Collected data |
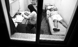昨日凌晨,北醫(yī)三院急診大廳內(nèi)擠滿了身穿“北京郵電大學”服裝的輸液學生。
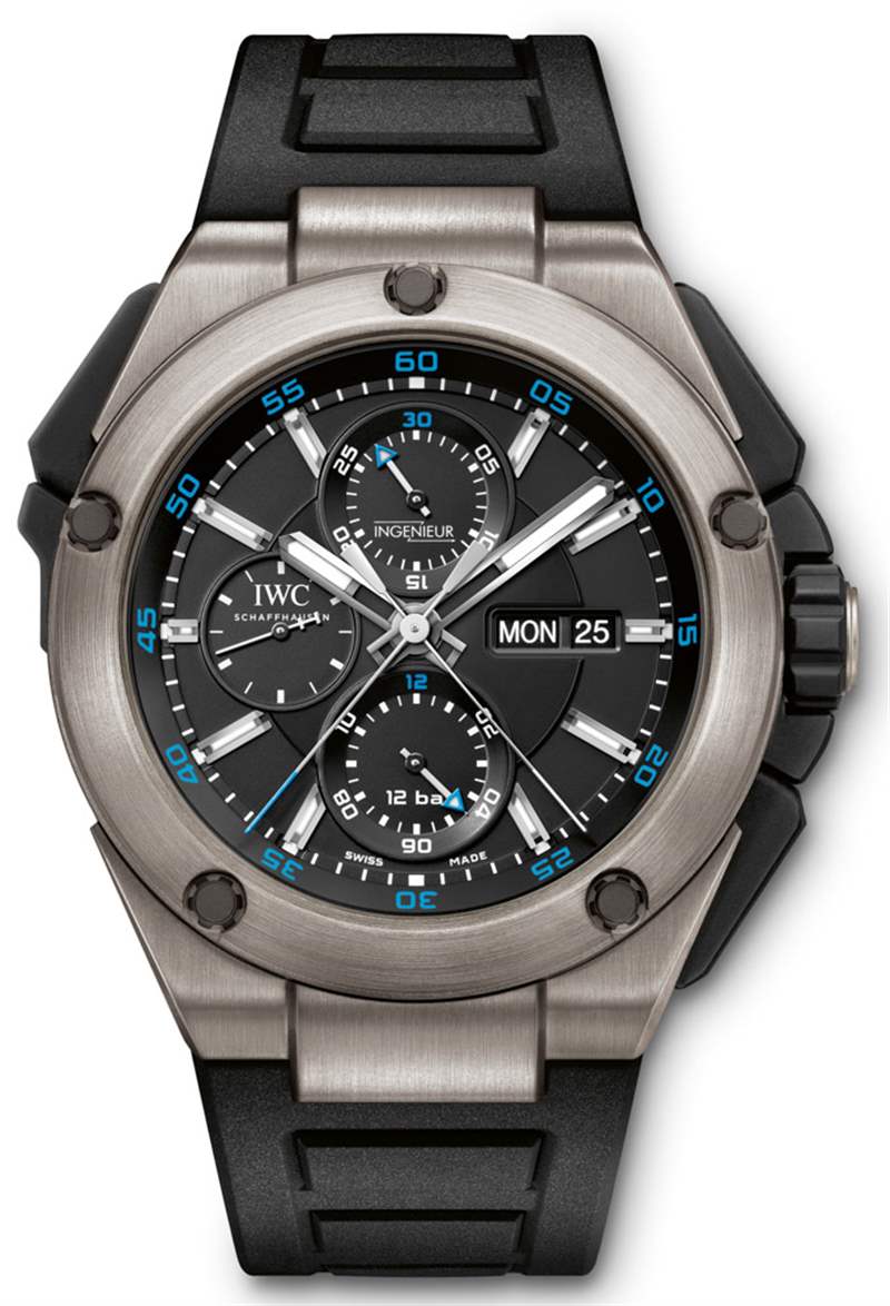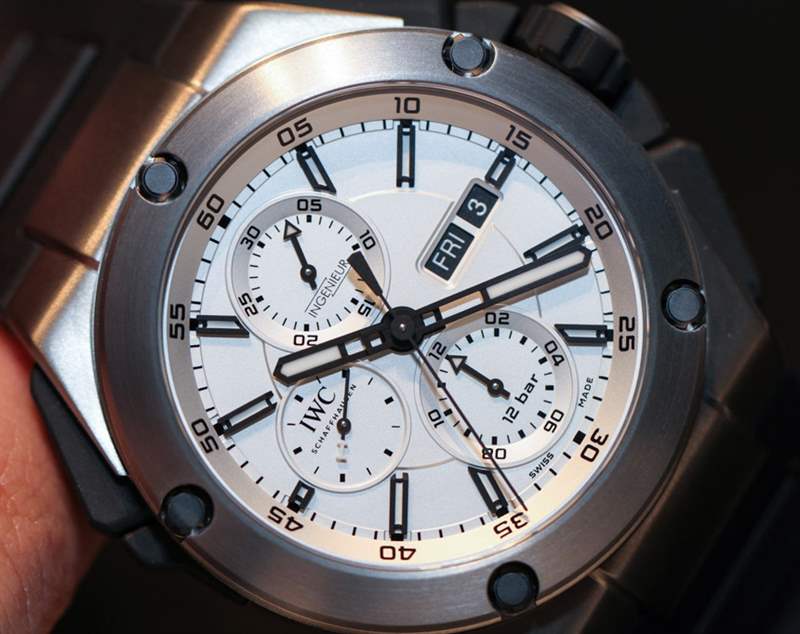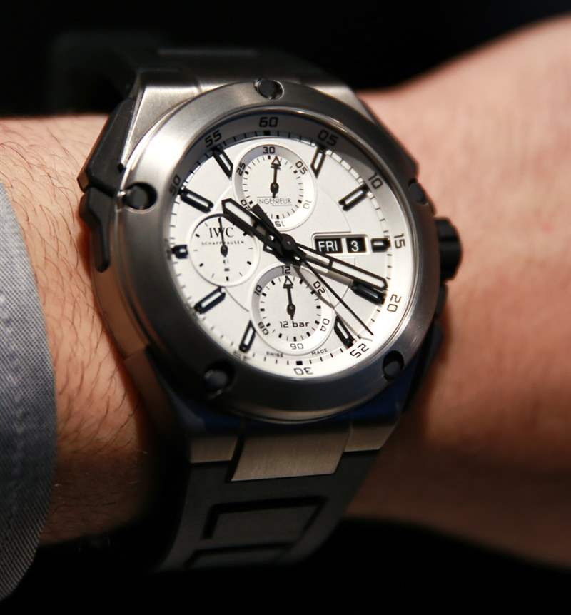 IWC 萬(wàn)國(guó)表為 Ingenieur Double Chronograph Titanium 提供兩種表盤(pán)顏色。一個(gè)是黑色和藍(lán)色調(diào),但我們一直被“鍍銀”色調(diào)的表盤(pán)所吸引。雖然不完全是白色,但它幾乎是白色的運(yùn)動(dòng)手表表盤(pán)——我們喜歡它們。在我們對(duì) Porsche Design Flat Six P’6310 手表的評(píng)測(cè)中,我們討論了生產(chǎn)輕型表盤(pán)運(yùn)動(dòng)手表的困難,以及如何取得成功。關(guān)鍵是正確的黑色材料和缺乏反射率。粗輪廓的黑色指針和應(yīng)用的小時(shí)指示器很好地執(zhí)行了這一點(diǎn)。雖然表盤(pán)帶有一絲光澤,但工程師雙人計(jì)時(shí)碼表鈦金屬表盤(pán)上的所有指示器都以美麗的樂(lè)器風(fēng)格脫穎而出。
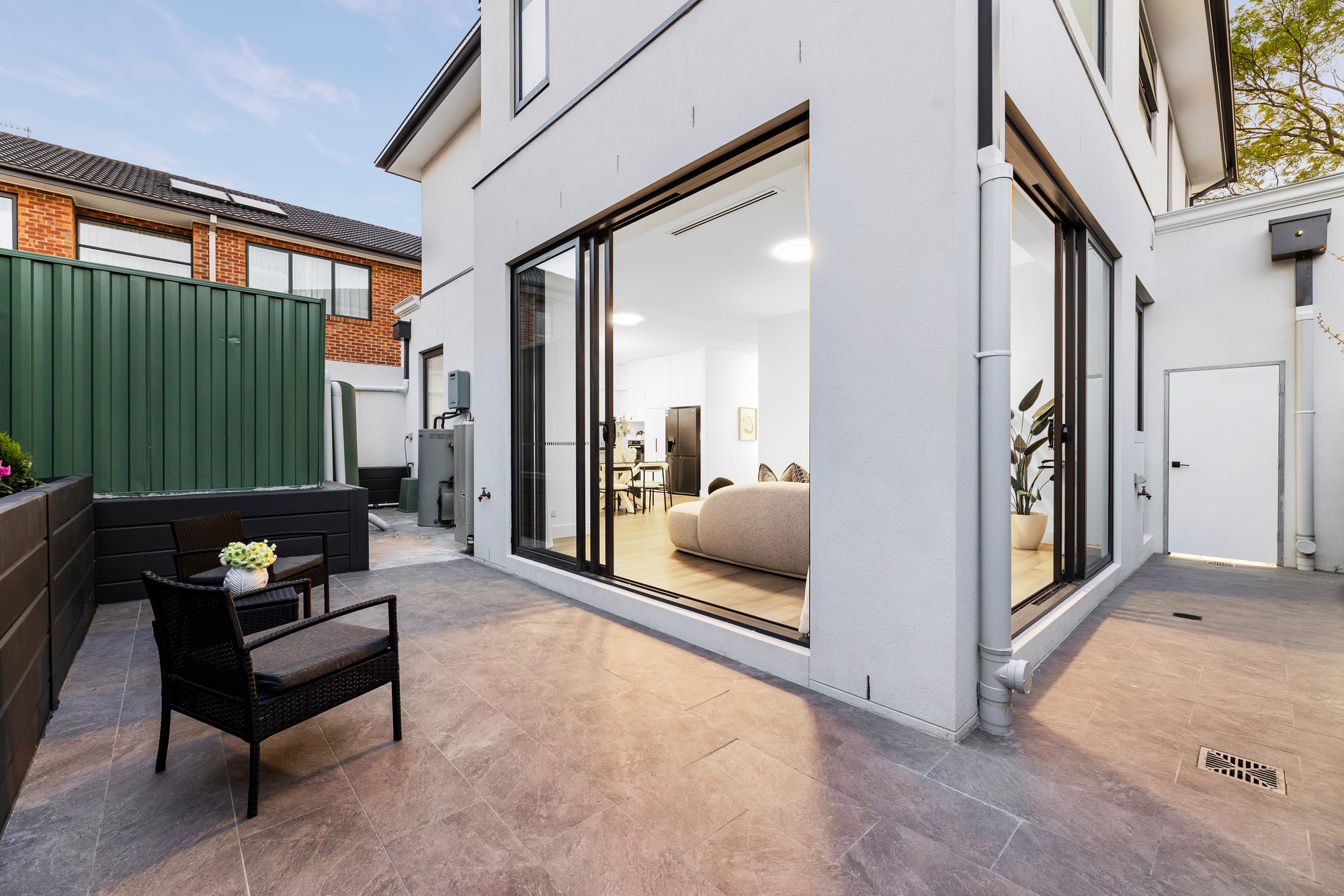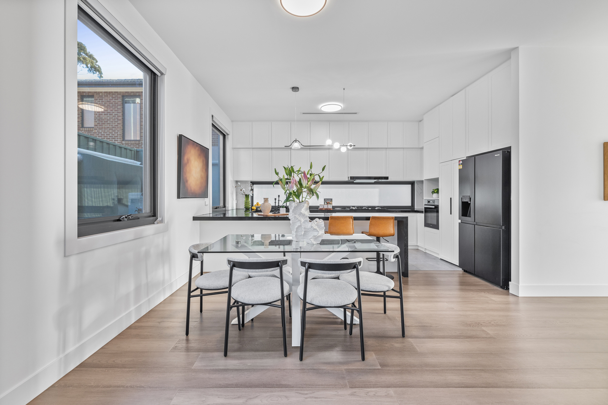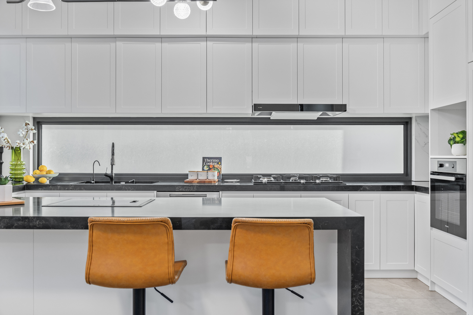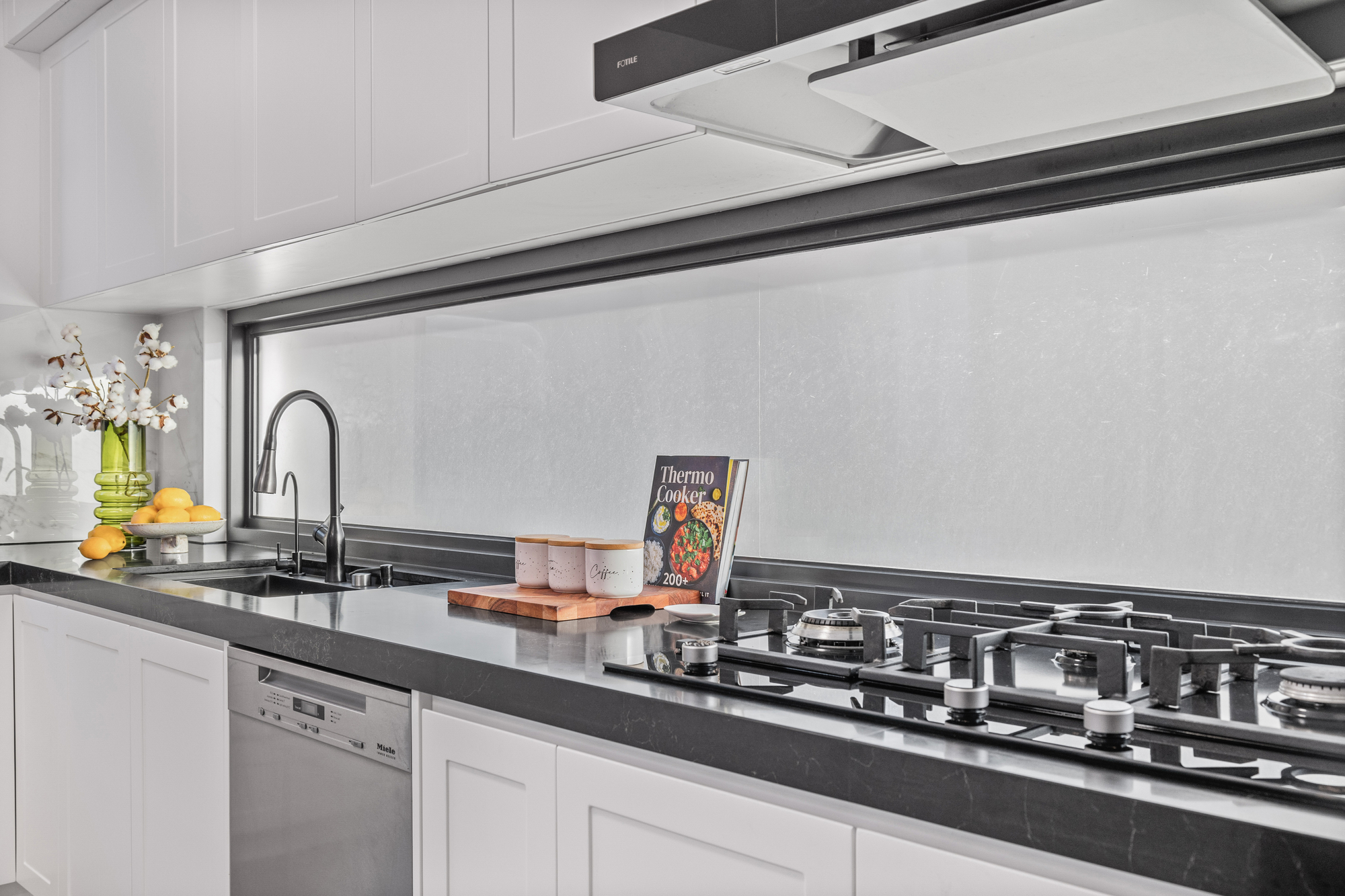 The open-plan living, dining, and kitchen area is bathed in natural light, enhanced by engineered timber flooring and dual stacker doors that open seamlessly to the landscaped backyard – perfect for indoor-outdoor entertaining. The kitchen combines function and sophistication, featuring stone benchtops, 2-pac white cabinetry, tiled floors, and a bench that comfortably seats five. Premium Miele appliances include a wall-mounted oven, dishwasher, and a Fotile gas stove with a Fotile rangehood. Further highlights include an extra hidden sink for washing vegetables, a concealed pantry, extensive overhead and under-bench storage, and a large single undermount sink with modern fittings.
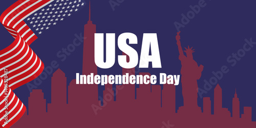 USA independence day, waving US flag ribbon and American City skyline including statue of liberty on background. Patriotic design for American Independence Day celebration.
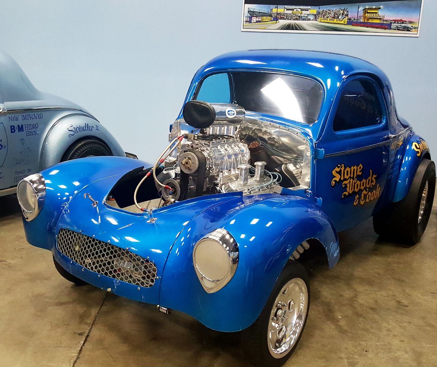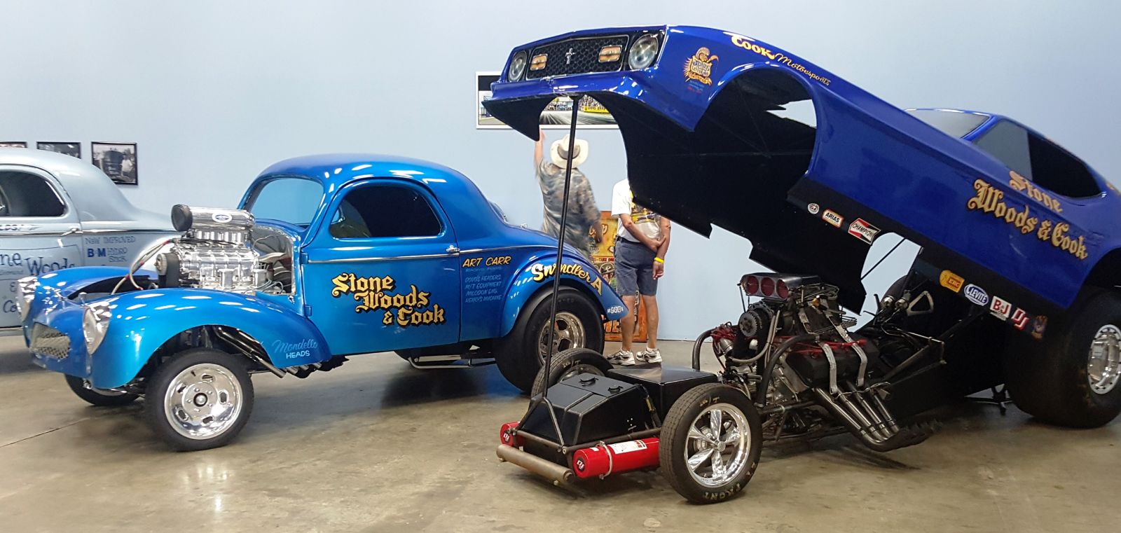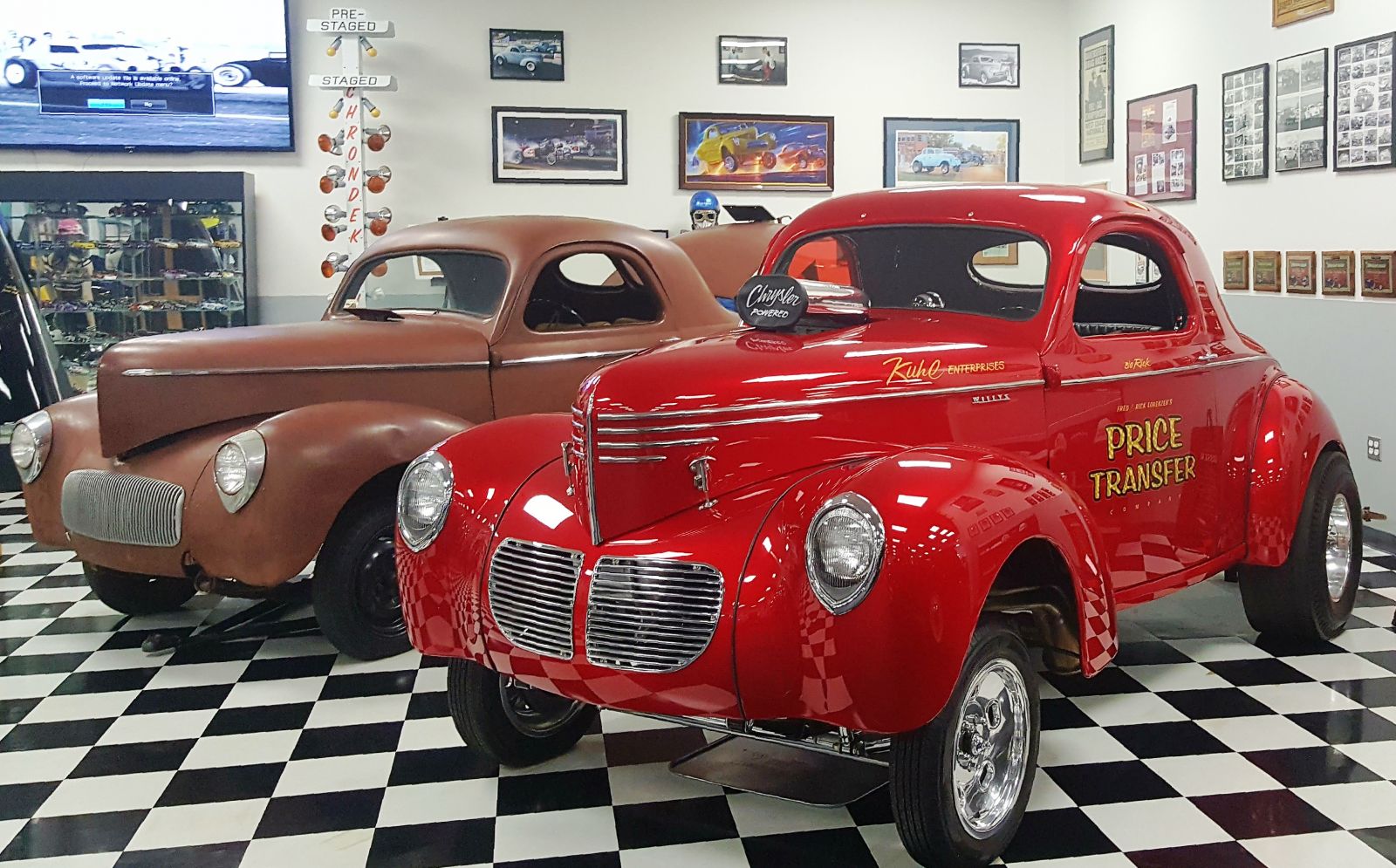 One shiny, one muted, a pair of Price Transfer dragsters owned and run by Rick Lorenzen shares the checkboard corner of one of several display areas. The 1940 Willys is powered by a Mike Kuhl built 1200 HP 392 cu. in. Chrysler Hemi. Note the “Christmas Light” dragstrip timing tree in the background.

Your instructions | Once the pictures are set aside, what is needed is the lines from the line with "USA independence day, waving" through the end of the data, written out exactly and alone.

Reply |
 USA independence day, waving US flag ribbon and American City skyline including statue of liberty on background. Patriotic design for American Independence Day celebration.
 One shiny, one muted, a pair of Price Transfer dragsters owned and run by Rick Lorenzen shares the checkboard corner of one of several display areas. The 1940 Willys is powered by a Mike Kuhl built 1200 HP 392 cu. in. Chrysler Hemi. Note the “Christmas Light” dragstrip timing tree in the background.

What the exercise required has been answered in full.